I appreciate that people will ask for examples of what I've done so far, but I'm eager to hear other people's uncorrupted ideas and advice first ;)
The problem looks more like a normalization activity. I would start with normalizing the table
to something like: (You may need some more identity fields depending on your usage)
CREATE TABLE raw_data (
rawData_ID INT,
Activity_id INT,
metric0 INT)
I'd create a tiering table that looks something like: (tierplan allows for multiple groupings.

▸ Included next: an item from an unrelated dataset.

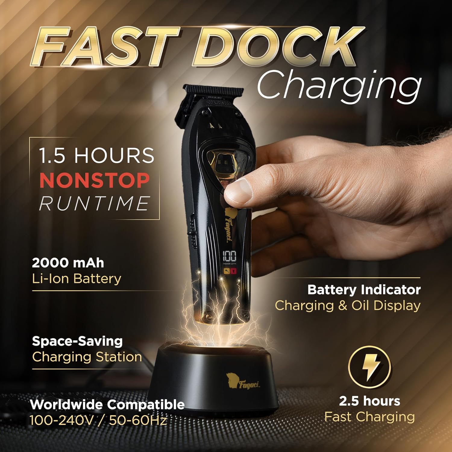 Fagaci Professional Zero Gapped Trimmer for Men, High Torque Vector Motor Cordless Beard Trimmer for Men, T Liners Professional Trimmers for Barbers with DLC Blades, Zero Gap Trimmers Barber T Blade

If a tier_id has no parent to roll up under, then tierparent_id is NULL This alllows for recursion in the query.)
CREATE TABLE tiers (
tierplan_id INT,
tier_id INT,
tierparent_id INT)
Finally, I'd create a table that relates tiers and Activities something like:
CREATE TABLE ActivTiers (
Activplan_id INT, --id on the table
tierplan_id INT, --tells what tierplan the raw_data falls under
rawdata_id INT) --this allows the ActivityId to be payload instead of identifier.
Queries off of this ought to be "not too difficult."